*** Material provided Section Begins ***

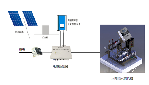人类赖以生存的能源越来越少,随着不可再生资源的枯竭,不断寻找新的能源是世界人民的共同努力,充分利用太阳能,发展绿色能源,是国家重点支助的产业之一。公司研发团队提出研发一套基于太阳能的一体化泵站的设想,与天津理工大学进行产学研合作,我公司主要负责太阳能机组的研发,天津理工大学主要负责光伏控制器和电源切换器的研发。系统采用双路供电的方式,太阳能充足可以用太阳能供电,阴雨天太阳能供不了可以自动切换到市政电网,太阳能双能源自动切换可以摆脱只能依托于市政电网来运行的设备,达到利用太阳能达到节能目的,广泛以用于农业灌溉、牧场供水、西部光照充足地区等领域,系统拓扑图如下所示。
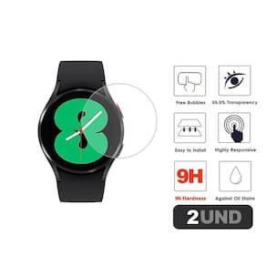 2x películas para galaxy watch 4 40mm em vidro temperado Atenção: a película serve apenas no galaxy watch 4 40mm, não tente comprar para outro modelo sem antes perguntar a compatibilidade. Características Feita em vidro temperado, nossa película possui apenas 0.3 mm de espessura, garantido total transparência e alta resistência, capaz de suportar até mesmo objetos afiados como lâminas e chaves. Ela possui adesivo à base de silicone, cujo instalação é bem simplificado, bastando alinhar a película com a tela. No entanto, antes de aplicar a película é necessário limpar a tela do seu relógio utilizando o kit de limpeza que enviamos junto com a peça. Uma vez que a película seja trincada, as partículas que são formadas não são afiadas e não se desprendem da camada adesiva de silicone, o que a torna bastante segura. Conteúdo da embalagem 2x películas para galaxy watch4 40mm em vidro temperado2x kits de flanelas para limpeza da tela Informações importantes 1 - os itens e/ou acessórios deste anúncio não possuem relação com a marca do fabricante do relógio ou smartwatch.2 - as imagens do anúncio são ilustrativas, ou seja, pode ocorrer leve variação entre o que é visualizado aqui e o produto físico.
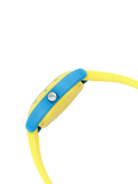 Dial style: Light blue and green dial with yellow hands and cartoon print on the dial
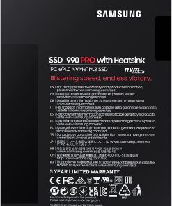 Samsung 990 PRO Heatsink M.2 NVMe SSD (MZ-V9P1T0CW), 1 TB, PCIe 4.0, 7.450 MB/s okuma, 6.900 MB/s yazma, soğutuculu SSD ve RGB ışıklı konsol, oyun ve video düzenleme için ean : 8806094413748
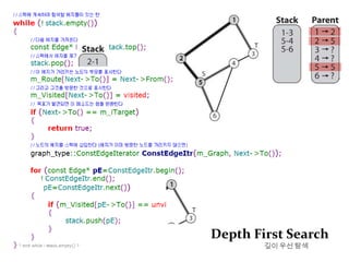 Dijkstra Algorithm A*BreadthFirst Search너비 우선 탐색시작노드에서 인접한 각 노드들를 검사하고목표노드를 찾을때까지 시작 노드에서 - 하나의 에지만큼 떨어진 노드 - 두개의 에지만큼 떨어진 노드 - 세개의 에지만큼 떨어진 노드 등을 탐색한다.즉 이렇게 찾은 경로는 가장 적은 에지를 포함하도록 보장된다.너비 탐색 AlgorithmQueue FIFO
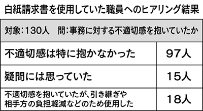 委員会のヒアリングに対し、白紙請求書の使用を認識していた職員130人のうち約75%にあたる97人が「不適切感は特に抱かなかった」と答えており、「問題意識の欠如」が改めて浮き彫りとなった。
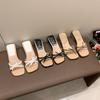 Fairy style square head slope heel slippers femininity apricot fashion open-toed sandals outer wear summer new models
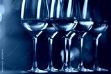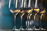 Glasses with white wine on blurred background
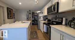 Unit 120, Gorgeous & Rare to find 3 Bedroom!! With THREE TITLED PARKING STALLS (2 Underground)!! The upgraded Kitchen is absolutely Timeless!! Large center island with stunning Quartz counter-tops, tile back splash, eating bar, with a whole lot of counter space & storage ..making this the perfect kitchen for entertaining as well as living! The Primary Bedroom is a good size with a his and her walk through closet leading to a full 4 pc en-suite!! In-suite laundry!! (Brand New washer and dryer!) The Low Condo fee Includes Heat and Water! (Average Power bill around 60$) Bedrooms 2 and 3 are on the other side of the suite. This suite has 2 Full 4pc Bathrooms total! Located close to schools and walking paths. Right across the street from Groceries and a wide variety of amenities all within short walking distance! Prime Location in the community of Charlesworth!! Close to the Anthony Henday as well as Ellerslie. Wash your car for free here! Secured Underground Parking with new Camera system
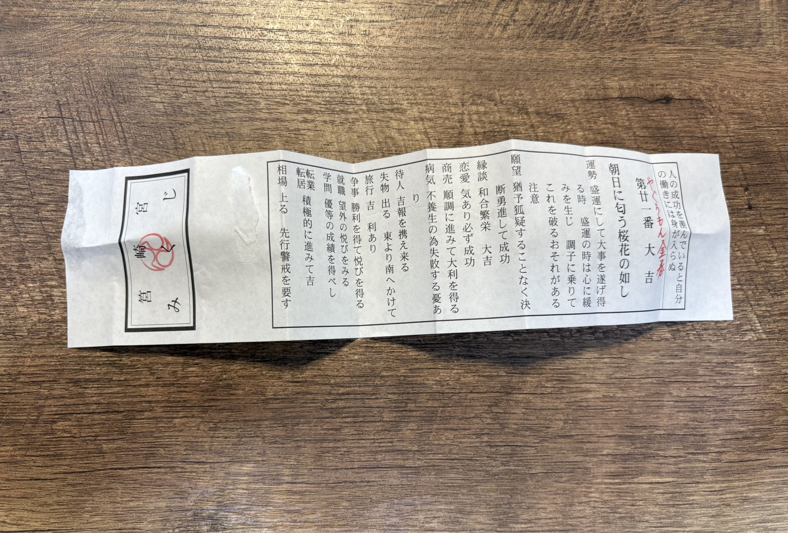 時間があったのでおみくじを引いたら大吉!
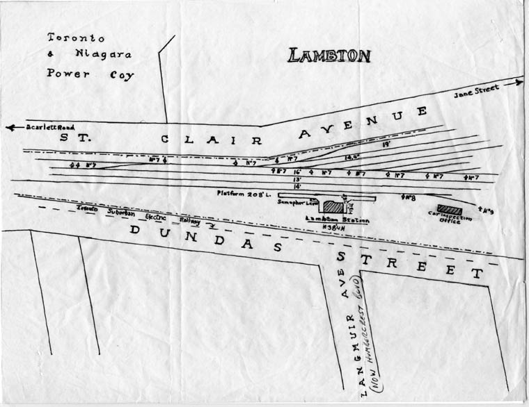 Dundas Street is on the right (note second row of poles). Located near former Diamond with Old Belt Line. When removed, it is believed part of the structure became Keele Street Yard Office. June 1911 J.W.Heckman/Canadian Pacific Corporate Archives. Collection of R.L.Kennedy |
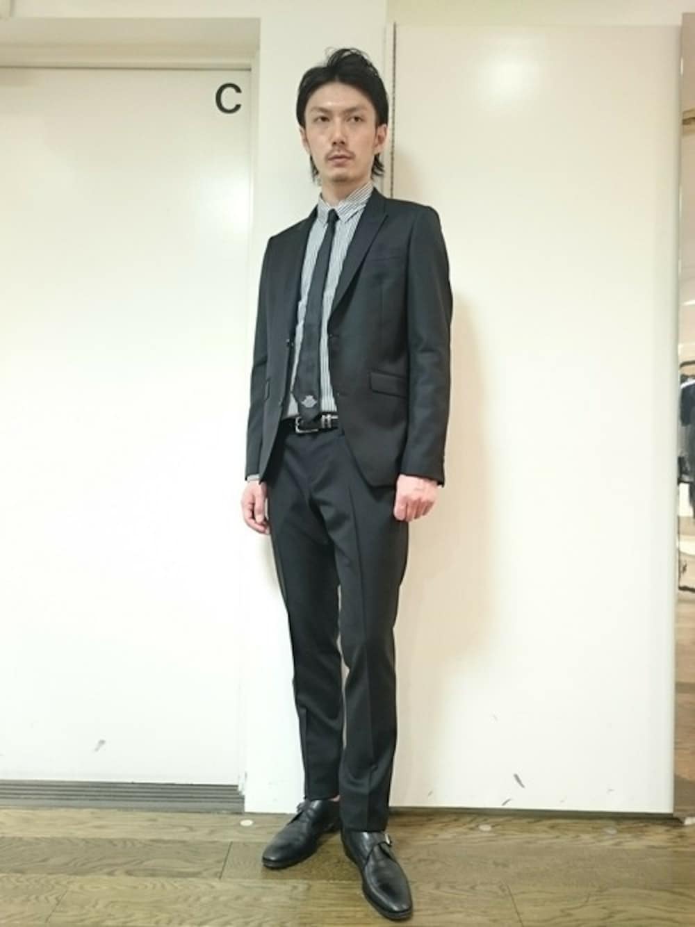 ナチュラルストレッチ性のある 定番セットアップになります。 インナーはストライプシャツで清涼感をだしました。 ネクタイは黒でシックに演出。 足元はモンクでシンプルにスタイリングしてみました。

*** Material provided Section Ends ***

### Exercise instructions:
An exact copy is required of the lines from the start of the records above through the line with "Glasses with white", and only those, without any pictures.

### Reply:
人类赖以生存的能源越来越少,随着不可再生资源的枯竭,不断寻找新的能源是世界人民的共同努力,充分利用太阳能,发展绿色能源,是国家重点支助的产业之一。公司研发团队提出研发一套基于太阳能的一体化泵站的设想,与天津理工大学进行产学研合作,我公司主要负责太阳能机组的研发,天津理工大学主要负责光伏控制器和电源切换器的研发。系统采用双路供电的方式,太阳能充足可以用太阳能供电,阴雨天太阳能供不了可以自动切换到市政电网,太阳能双能源自动切换可以摆脱只能依托于市政电网来运行的设备,达到利用太阳能达到节能目的,广泛以用于农业灌溉、牧场供水、西部光照充足地区等领域,系统拓扑图如下所示。
 2x películas para galaxy watch 4 40mm em vidro temperado Atenção: a película serve apenas no galaxy watch 4 40mm, não tente comprar para outro modelo sem antes perguntar a compatibilidade. Características Feita em vidro temperado, nossa película possui apenas 0.3 mm de espessura, garantido total transparência e alta resistência, capaz de suportar até mesmo objetos afiados como lâminas e chaves. Ela possui adesivo à base de silicone, cujo instalação é bem simplificado, bastando alinhar a película com a tela. No entanto, antes de aplicar a película é necessário limpar a tela do seu relógio utilizando o kit de limpeza que enviamos junto com a peça. Uma vez que a película seja trincada, as partículas que são formadas não são afiadas e não se desprendem da camada adesiva de silicone, o que a torna bastante segura. Conteúdo da embalagem 2x películas para galaxy watch4 40mm em vidro temperado2x kits de flanelas para limpeza da tela Informações importantes 1 - os itens e/ou acessórios deste anúncio não possuem relação com a marca do fabricante do relógio ou smartwatch.2 - as imagens do anúncio são ilustrativas, ou seja, pode ocorrer leve variação entre o que é visualizado aqui e o produto físico.
 Dial style: Light blue and green dial with yellow hands and cartoon print on the dial
 Samsung 990 PRO Heatsink M.2 NVMe SSD (MZ-V9P1T0CW), 1 TB, PCIe 4.0, 7.450 MB/s okuma, 6.900 MB/s yazma, soğutuculu SSD ve RGB ışıklı konsol, oyun ve video düzenleme için ean : 8806094413748
 Dijkstra Algorithm A*BreadthFirst Search너비 우선 탐색시작노드에서 인접한 각 노드들를 검사하고목표노드를 찾을때까지 시작 노드에서 - 하나의 에지만큼 떨어진 노드 - 두개의 에지만큼 떨어진 노드 - 세개의 에지만큼 떨어진 노드 등을 탐색한다.즉 이렇게 찾은 경로는 가장 적은 에지를 포함하도록 보장된다.너비 탐색 AlgorithmQueue FIFO
 委員会のヒアリングに対し、白紙請求書の使用を認識していた職員130人のうち約75%にあたる97人が「不適切感は特に抱かなかった」と答えており、「問題意識の欠如」が改めて浮き彫りとなった。
 Fairy style square head slope heel slippers femininity apricot fashion open-toed sandals outer wear summer new models
 Glasses with white wine on blurred background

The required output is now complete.